DENVER (CBS4) – A former college baseball player that knows the challenge of getting the attention of coaches in order to get a scholarship has created an app called Sports Thread to help current players get the attention they need all from their phone.
"We've really gotten to a point with college recruiting where you know, you've got to make some noise to get noticed."
Sean Leary played for multiple college teams and had to work hard to get recruited by coaches on his own. He realized the amount of effort you need to put in so you can stand out. After graduating from Oral Roberts University in 2015, he started working on the app to change the way students highlight their abilities in a variety of sports.
"On LinkedIn you get a business profile that you use to network to try and find a job," Leary explained. "On Sports Thread you get an athletic profile that you use to network and find a place to play."
Before an app like this or any other digital service for athletes, most players looked to scouts and agencies to help them connect with coaches. They also could try getting placed into a database and hope colleges found them in that system. Leary explains these options were either expensive or limited in their ability to reach programs across the country.
"We aren't doing the work for the kids," he said. "We're providing the platform and the tool to get their name out there."
Athletes ages 13 and older can set up their own profile with their statistics and upload video highlights on Sports Thread. Then they can build a mailing list of programs they're interested in and start emailing coaches. The app provides templates for messages to send a coach.

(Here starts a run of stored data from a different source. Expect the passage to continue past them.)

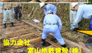
協力会社 富山地鉄建設(株)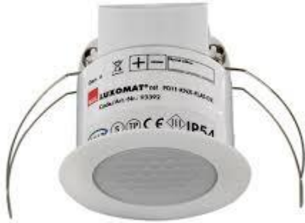
Sensor de presencia KNX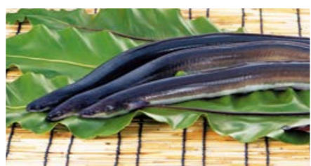
▲曾於市の第一事業所と串良町の第二・三事業所で、年間最大900tの総生産量を目指す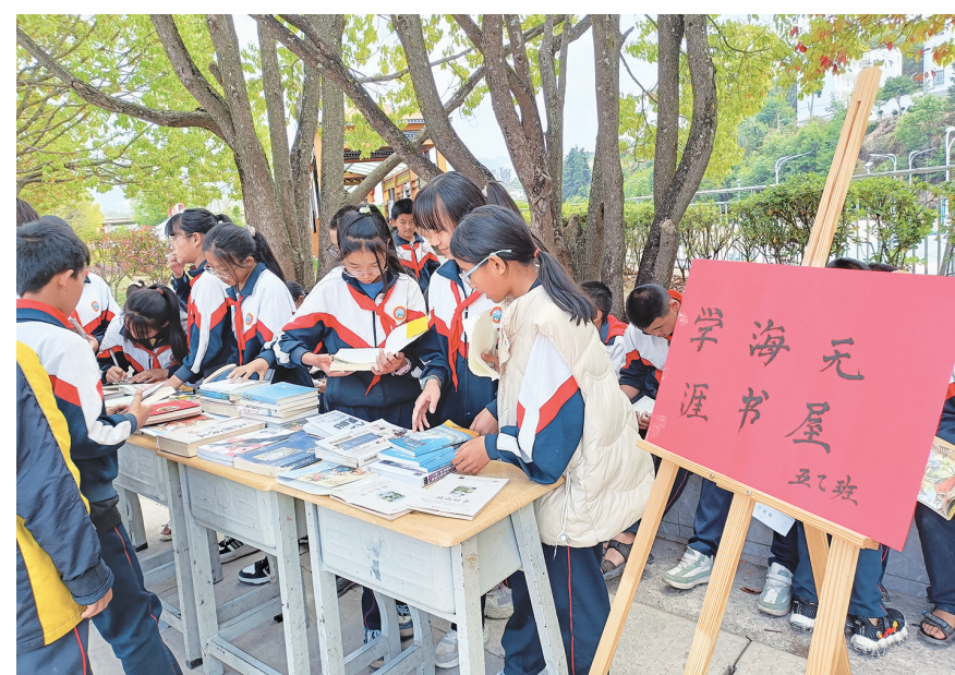
永平县龙街镇中心完小的同学们在进行“学海无涯书屋”好书交流阅读活动。(摄于4月19日)

当天,龙街镇中心完小开展“书香浸润心灵,阅读伴我成长”为主题的书香校园阅读活动,内容包括亲子阅读、好书阅读分享交流等。通过活动,同学们感受到了阅读的力量,在阅读中收获了快乐。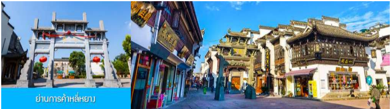
ย่านการค้าลี่หยาง

เที่ยง อีระอาหารมื้อกลางวัน ( ท่านสามารถเลือกชิมอาหารพื้นเมืองในระแวกโรงแรมได้ตามอัธยาศัย )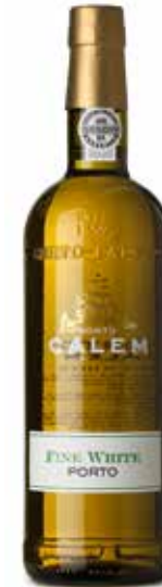
Fine White Porto

(Tinta Roriz, Tinta Cao, Tinta Barroca, Touriga Nacional, Touriga, Francesca)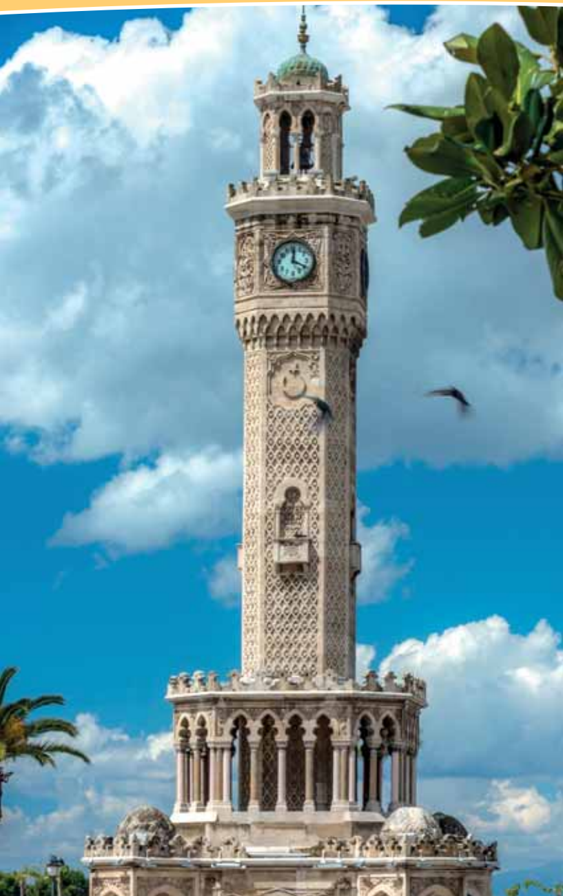
Izmir - Merkez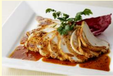
6. ローストポーク 粒マスタードソース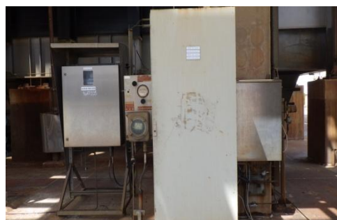
รูปที่ 3-8 CEMS ของปล่อง RFCCU

ภาพถ่ายประกอบการปฏิบัติตามมาตรการป้องกันและแก้ไขผลกระทบสิ่งแวดล้อม (ระยะดำเนินการ) โครงการโรงกลั่นน้ำมัน บริษัท สตาร์ ปิโตรเลียม รีไฟน์นิ่ง จำกัด (มหาชน)

Sports Thread has information on more than 2,000 colleges built into the app. If an athlete gets the attention of a coach, they can start chatting directly into the app. Users can also access a resource center with more information about the colleges and important rules to remember about recruitment.
"It gives the high school coach an avenue and a resource to point their kids to, to help them get their exposure."
All the posts from users feed into one universal thread that everyone sees, unlike other platforms like Facebook or Twitter that build a timeline based on whom you follow. While it is a service that could benefit any athlete, Leary says it is ideal for students that are not already on the radar of several Division I schools and need some extra help to get noticed.
"We use social media and social networking to get the kids' names out there," he added.
Leary hopes the app can also help high school coaches educate their players on the process and let them focus on developing their skills.
Sports Thread has an advisory board that includes Derrick Martin. he has two Super Bowl rings and currently coaches at Denver's Thomas Jefferson High School.
"It's in your hand, it's an app, all the kids at least in my school, they're on the apps, Martin said. "They're constantly trying to get more popular."
Martin also remembers the challenge of trying to get attention when you're a young athlete, and now as a coach he says it is exciting to have this resource for his players.
"Back in my day, we were still sending out cassette tapes. The game has changed immensely since I played," he said. "As a high school coach, you're trying to get your guys prepared to go to college. I think this is one of those tools that we can utilize that gives them the ability to have all the resources at their fingertips."
Sports Thread launched in late September and the company has already helped players get scholarships, including one student in Texas.
"The coach who offered him the scholarship said I can really see the passion that this athlete has for football, that he really loves it," said Leary.
Improper recruitment is an ongoing concern for colleges across the country. Sports Thread says it relies on its users to help police any inappropriate activity like other social media platforms.
The app is also developing a sense of community for athletes. They can post about their challenges in an individual sport and get the advice of others.
"Sports Thread is a platform that we are going to see grow tremendously in the coming years," Leary said.